Copy out the data in full and exactly, passing over the pictures.

Source material:
--- START ---

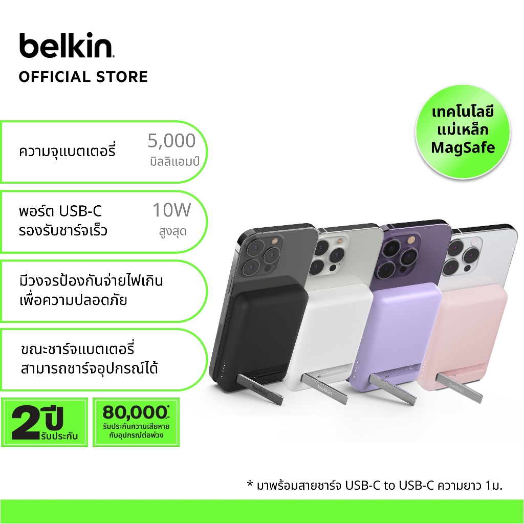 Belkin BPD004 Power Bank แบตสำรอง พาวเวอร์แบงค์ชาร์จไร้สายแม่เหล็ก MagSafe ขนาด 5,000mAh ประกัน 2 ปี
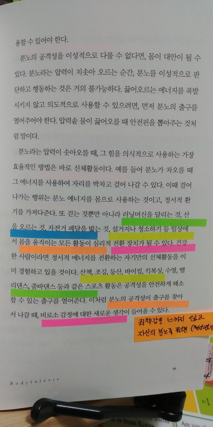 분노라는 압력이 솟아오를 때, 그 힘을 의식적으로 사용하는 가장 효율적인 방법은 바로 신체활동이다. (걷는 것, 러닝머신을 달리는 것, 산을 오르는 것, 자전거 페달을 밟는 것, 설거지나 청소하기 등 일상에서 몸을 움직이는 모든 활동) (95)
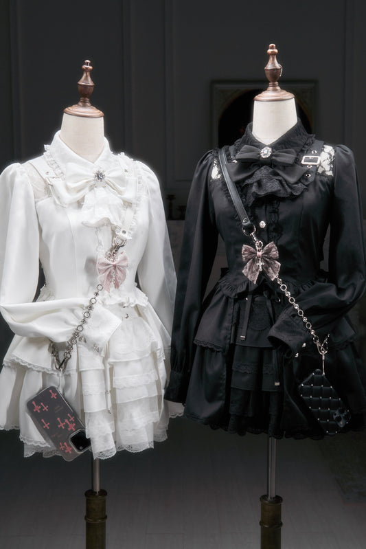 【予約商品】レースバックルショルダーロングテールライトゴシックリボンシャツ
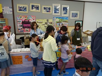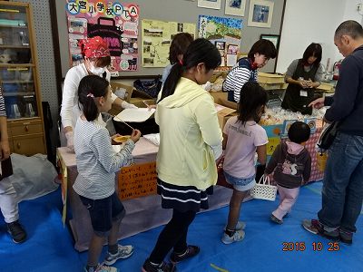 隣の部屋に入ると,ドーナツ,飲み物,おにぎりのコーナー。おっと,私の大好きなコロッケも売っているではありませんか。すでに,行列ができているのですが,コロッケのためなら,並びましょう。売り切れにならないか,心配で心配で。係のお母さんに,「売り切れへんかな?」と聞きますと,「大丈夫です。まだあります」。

--- END ---

Solution:
 Belkin BPD004 Power Bank แบตสำรอง พาวเวอร์แบงค์ชาร์จไร้สายแม่เหล็ก MagSafe ขนาด 5,000mAh ประกัน 2 ปี
 분노라는 압력이 솟아오를 때, 그 힘을 의식적으로 사용하는 가장 효율적인 방법은 바로 신체활동이다. (걷는 것, 러닝머신을 달리는 것, 산을 오르는 것, 자전거 페달을 밟는 것, 설거지나 청소하기 등 일상에서 몸을 움직이는 모든 활동) (95)
 【予約商品】レースバックルショルダーロングテールライトゴシックリボンシャツ
 隣の部屋に入ると,ドーナツ,飲み物,おにぎりのコーナー。おっと,私の大好きなコロッケも売っているではありませんか。すでに,行列ができているのですが,コロッケのためなら,並びましょう。売り切れにならないか,心配で心配で。係のお母さんに,「売り切れへんかな?」と聞きますと,「大丈夫です。まだあります」。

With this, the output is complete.